L’Unione Europea, come dicevamo poco sopra, è la prima sul sentiero che porterà i paesi del mondo a rendere più sostenibile l’agricoltura e l’industria alimentare. Ma se invece parliamo di commercio e giro d’affari complessivo sono gli Stati Uniti, per il momento, a detenere il più grande mercato al mondo di prodotti biologici. Nel 2019 ammontava a ben 51 miliardi di dollari. Il mercato dell’UE è poco inferiore, ammonta a 46 miliardi di dollari annui e, stando a quanto scrive un’esperta come Kathleen Merrigan, grazie al programma Farm to Fork potrebbe presto superare quello statunitense.
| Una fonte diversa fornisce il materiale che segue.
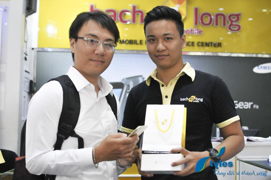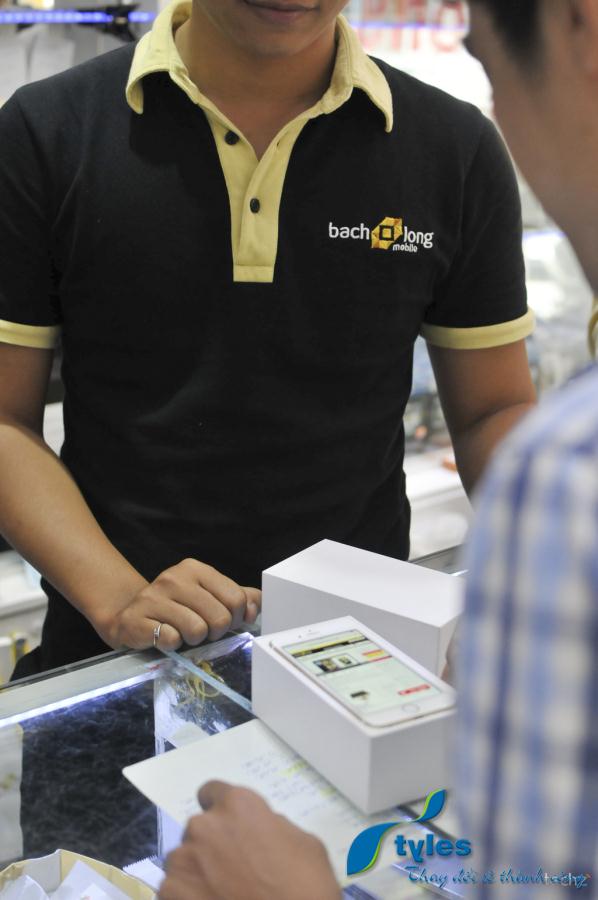 Trước khi chiếc điện thoại iPhone 6 này có mặt tại cửa hàng Bạch Long Mobile (136 Trần Phú, P.4, Q.5, TP.HCM) thì đã có rất đông khách hàng đợi chờ. Trong số những khác hàng có mặt tại đây đều là những khách đã có đặt cọc trước iPhone 6 và đến để nhận hàng.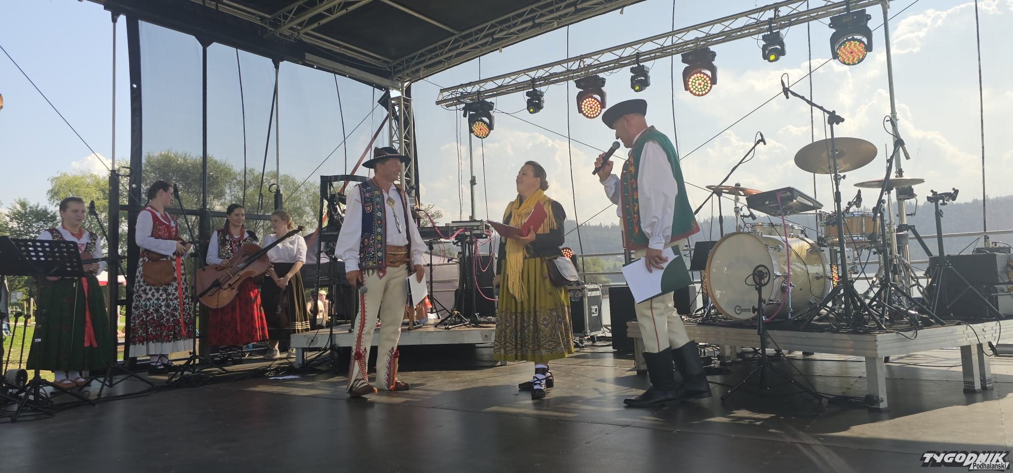 Za sprawą świetnego pomysłu Stowarzyszenia Sprężyna mogliśmy na jednej plenerowej scenie na "Wyskocz na" w Maniowach - nad samym Jeziorem Czorsztyńskim - zobaczyć i podziwiać tę różnorodność. Bo były nie tylko występy, ale też trochę edukacji. Prezentacja strojów z objaśnieniem, jak nazywają się poszczególne części garderoby, które przeznaczone są dla panien czy kawalerów, a które dla kobiet zamężnych. Były też opowieści o gwarze, konferansjerka okraszana dowcipami, konkursy i wiele innych atrakcji.

Se già l’Unione Europea è all’avanguardia nel rendere meno impattante il settore agricolo, va detto che l’Italia fa ancora meglio. È uno dei primi nove paesi al mondo per percentuale di territorio dedicato all’agricoltura biologica (il 15,2%) e ben 13 mila scuole sul territorio italiano usano ingredienti che provengono proprio da questa filiera.
Al contrario dell’Unione Europea gli Stati uniti non hanno un piano nazionale che mira a espandere la produzione biologica e, che è ancora più importante, un piano simile non sembra nemmeno esserci all’orizzonte. Meno dell’1% dei terreni agricoli statunitensi (2,3 milioni di ettari) è coltivato secondo gli standard biologici nazionali, rispetto ai 14,6 milioni di ettari dell’UE. In altre parole si può dire che il mercato del biologico negli Stati Uniti è ampio, ma fatto essenzialmente da importazioni, cosa che impatta direttamente su quanto a lungo le merci debbano essere trasportate prima di essere consumate, e lascia la prima economia del mondo a una produzione che, invece, causa più emissioni e una minore salvaguardia degli ecosistemi. Il presidente Biden, proprio perché quella del biologico sembra un’occasione persa sia dal punto di vista dell’ecologia che da quello dell’economia, ha puntato su un aumento dei consumi di prodotti interni, una strategia “Buy American”, che però non sembra stia funzionando.
La differenza tra Ue e Stati Uniti, però, non è frutto del caso o della lungimiranza europea, ma del fatto che i due blocchi politici, sull’agricoltura biologica, la pensano in modo molto diverso. Da una parte dell’Atlantico si punta (come dimostra il piano Farm to Fork) ad aumentare la percentuale di territorio dedicato a un’agricoltura meno impattante e a basse emissioni. Dall’altra invece è preponderante l’idea che questo, a conti fatti, non sia conveniente perché diminuirebbe la produzione globale e di conseguenza farebbe aumentare i prezzi. Non a caso Tom Vilsack, l’attuale Segretario dell’agricoltura (il corrispettivo del nostro Ministro alle politiche agricole), ha proposto di recente la nascita di una coalizione internazionale sulla “crescita sostenibile e la produttività” con obiettivi molto diversi da quelli perseguiti dai paesi europei. L’idea è quella di aumentare la resa dell’industria agricola «per nutrire una popolazione mondiale in crescita». In particolare Washington vorrebbe usare tecnologie come l’editing genetico, l’agricoltura di precisione e l’intelligenza artificiale per riuscire a produrre di più e tenere bassi i prezzi. Secondo la già citata Merrigan l’approccio statunitense, oltre che essere espressione di un dibattito scientifico sensato, viene soprattutto dai lobbisti. In particolare «dai grandi gruppi dell’agricoltura convenzionale, tra cui Syngenta, Bayer e Corteva – tre delle quattro più grandi compagnie agrochimiche al mondo – insieme al loro braccio di lobbying, CropLife America».